Set down the data below without change, skipping the pictures it holds.

Top of Recorded data

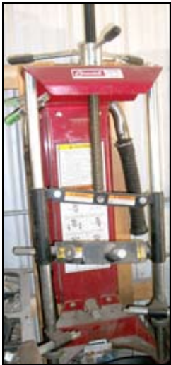
Branick model 7200 strut spring compressor like new
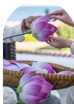
LOTUS PAPER MAKING
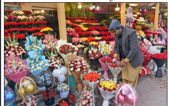
ISLAMABAD: A florist is sparing water on the flowers for preserving their freshness, F-6 Flower Market in Federal.
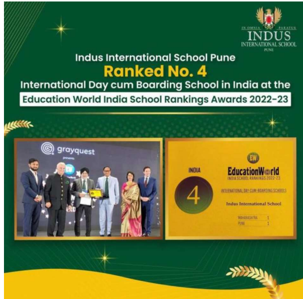
1 - Indus International School Pune Ranked No.4 in India.

Bottom of Recorded data

- _Exercise solution_
Branick model 7200 strut spring compressor like new
LOTUS PAPER MAKING
ISLAMABAD: A florist is sparing water on the flowers for preserving their freshness, F-6 Flower Market in Federal.
1 - Indus International School Pune Ranked No.4 in India.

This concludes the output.